> [RECORDS FOR PROCESSING]
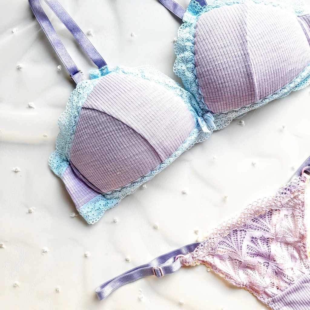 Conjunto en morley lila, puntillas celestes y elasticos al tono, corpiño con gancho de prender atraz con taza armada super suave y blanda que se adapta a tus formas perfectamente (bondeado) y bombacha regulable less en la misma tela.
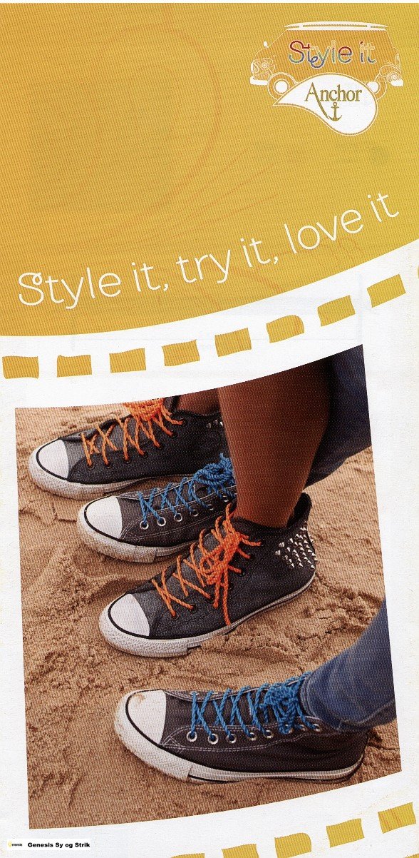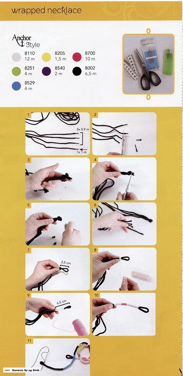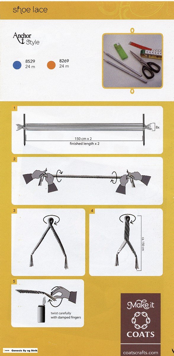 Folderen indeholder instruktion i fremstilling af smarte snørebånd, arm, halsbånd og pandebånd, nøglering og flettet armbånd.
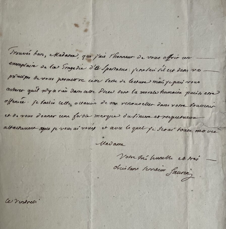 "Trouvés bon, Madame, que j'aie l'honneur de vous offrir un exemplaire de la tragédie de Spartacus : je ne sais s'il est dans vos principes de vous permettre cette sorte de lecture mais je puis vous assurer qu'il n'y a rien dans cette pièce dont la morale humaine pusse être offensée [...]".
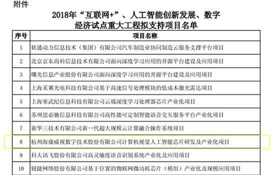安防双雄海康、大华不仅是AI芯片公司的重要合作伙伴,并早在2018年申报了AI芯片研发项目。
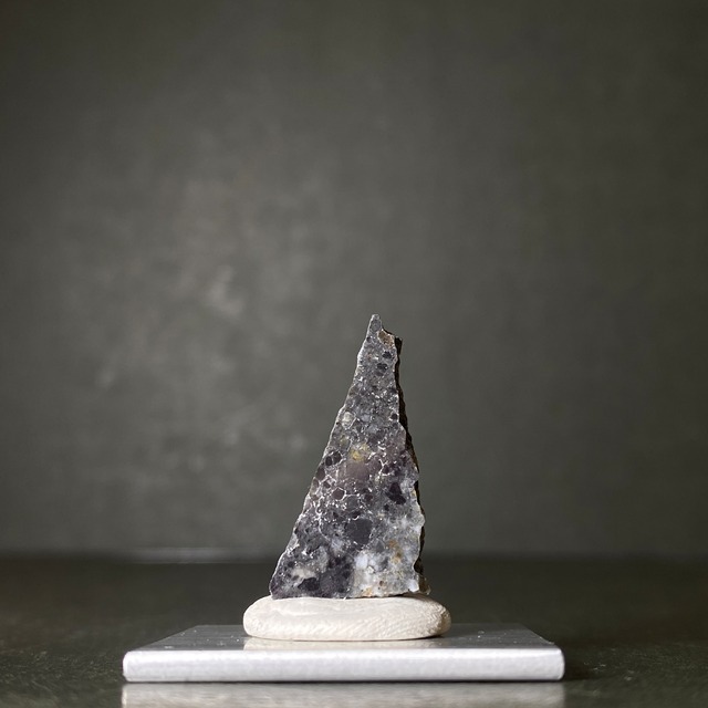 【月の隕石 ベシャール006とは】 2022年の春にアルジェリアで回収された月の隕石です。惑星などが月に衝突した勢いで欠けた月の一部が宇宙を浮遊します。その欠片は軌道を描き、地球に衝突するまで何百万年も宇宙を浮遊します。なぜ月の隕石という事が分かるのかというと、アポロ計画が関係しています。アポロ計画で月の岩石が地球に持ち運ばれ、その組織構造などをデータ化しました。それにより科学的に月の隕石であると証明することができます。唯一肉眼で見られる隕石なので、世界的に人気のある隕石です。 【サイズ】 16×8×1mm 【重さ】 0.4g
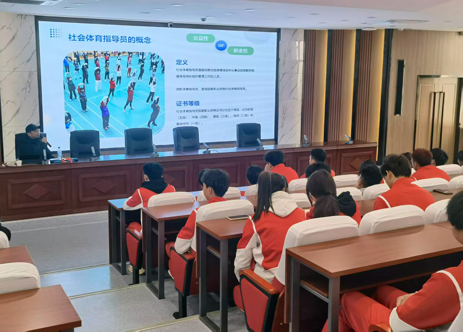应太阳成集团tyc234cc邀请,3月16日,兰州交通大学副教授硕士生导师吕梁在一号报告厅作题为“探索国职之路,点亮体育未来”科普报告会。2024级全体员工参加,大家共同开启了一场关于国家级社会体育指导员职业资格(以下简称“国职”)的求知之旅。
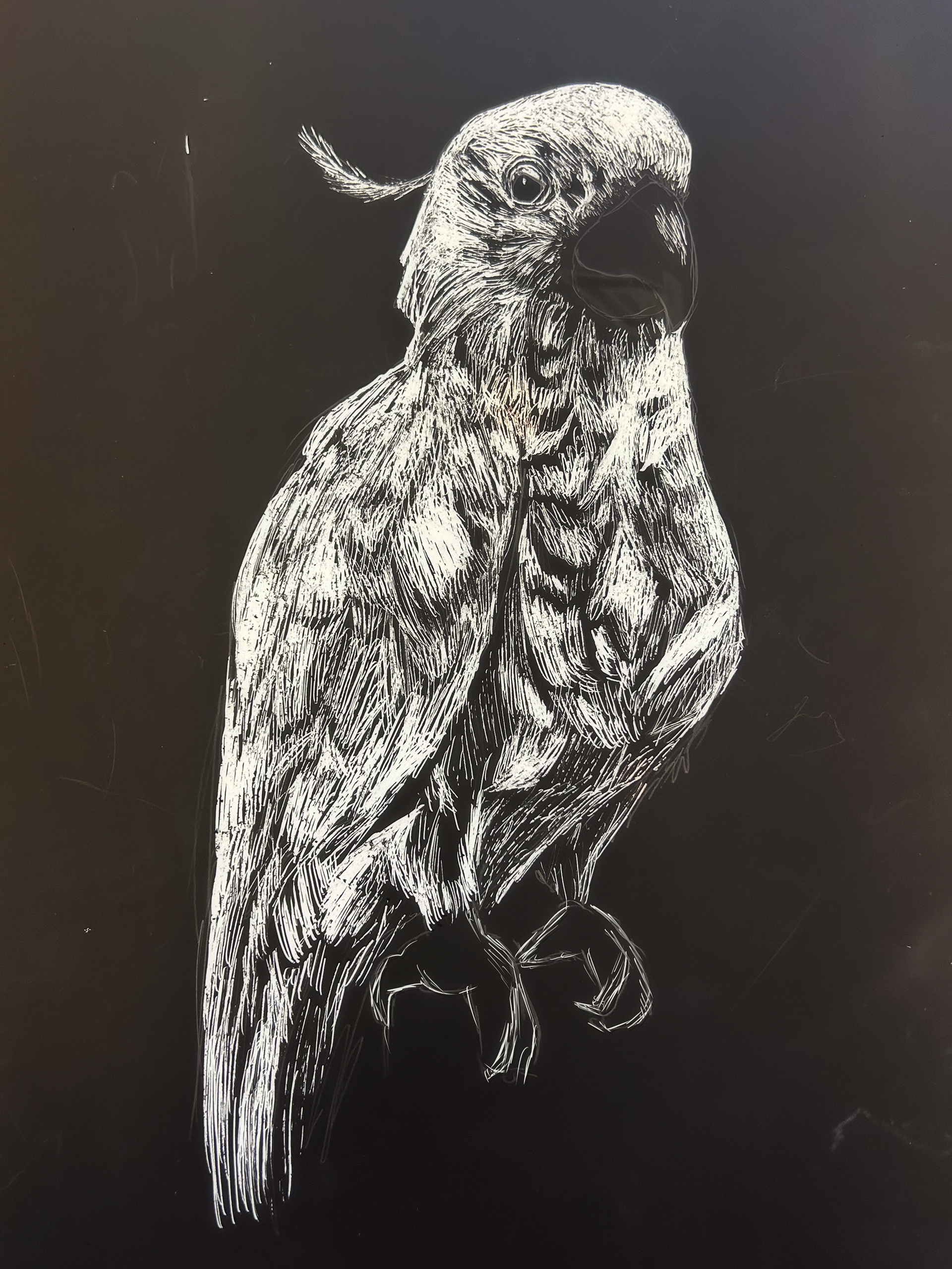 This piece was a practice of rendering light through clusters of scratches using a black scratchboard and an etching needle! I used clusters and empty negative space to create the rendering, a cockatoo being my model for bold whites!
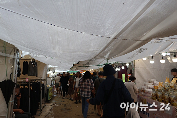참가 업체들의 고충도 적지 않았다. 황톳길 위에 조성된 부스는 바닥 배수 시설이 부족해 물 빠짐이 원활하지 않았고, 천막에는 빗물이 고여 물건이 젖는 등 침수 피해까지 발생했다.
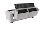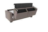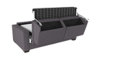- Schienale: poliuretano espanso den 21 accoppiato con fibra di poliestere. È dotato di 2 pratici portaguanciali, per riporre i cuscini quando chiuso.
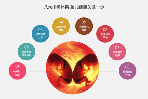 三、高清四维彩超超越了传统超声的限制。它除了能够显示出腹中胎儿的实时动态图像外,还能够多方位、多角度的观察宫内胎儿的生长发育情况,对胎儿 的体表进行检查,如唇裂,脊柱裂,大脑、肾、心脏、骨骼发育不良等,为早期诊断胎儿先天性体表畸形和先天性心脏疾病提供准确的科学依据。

> [DIRECTIONS] Exact repetition required: repeat the first line of the listing above, the line containing "16×8×1mm 【重さ】 0.4g", and every line between, leaving out pictures.

> [OUTPUT OF THE EXERCISE]
 Conjunto en morley lila, puntillas celestes y elasticos al tono, corpiño con gancho de prender atraz con taza armada super suave y blanda que se adapta a tus formas perfectamente (bondeado) y bombacha regulable less en la misma tela.
 Folderen indeholder instruktion i fremstilling af smarte snørebånd, arm, halsbånd og pandebånd, nøglering og flettet armbånd.
 "Trouvés bon, Madame, que j'aie l'honneur de vous offrir un exemplaire de la tragédie de Spartacus : je ne sais s'il est dans vos principes de vous permettre cette sorte de lecture mais je puis vous assurer qu'il n'y a rien dans cette pièce dont la morale humaine pusse être offensée [...]".
安防双雄海康、大华不仅是AI芯片公司的重要合作伙伴,并早在2018年申报了AI芯片研发项目。
 【月の隕石 ベシャール006とは】 2022年の春にアルジェリアで回収された月の隕石です。惑星などが月に衝突した勢いで欠けた月の一部が宇宙を浮遊します。その欠片は軌道を描き、地球に衝突するまで何百万年も宇宙を浮遊します。なぜ月の隕石という事が分かるのかというと、アポロ計画が関係しています。アポロ計画で月の岩石が地球に持ち運ばれ、その組織構造などをデータ化しました。それにより科学的に月の隕石であると証明することができます。唯一肉眼で見られる隕石なので、世界的に人気のある隕石です。 【サイズ】 16×8×1mm 【重さ】 0.4g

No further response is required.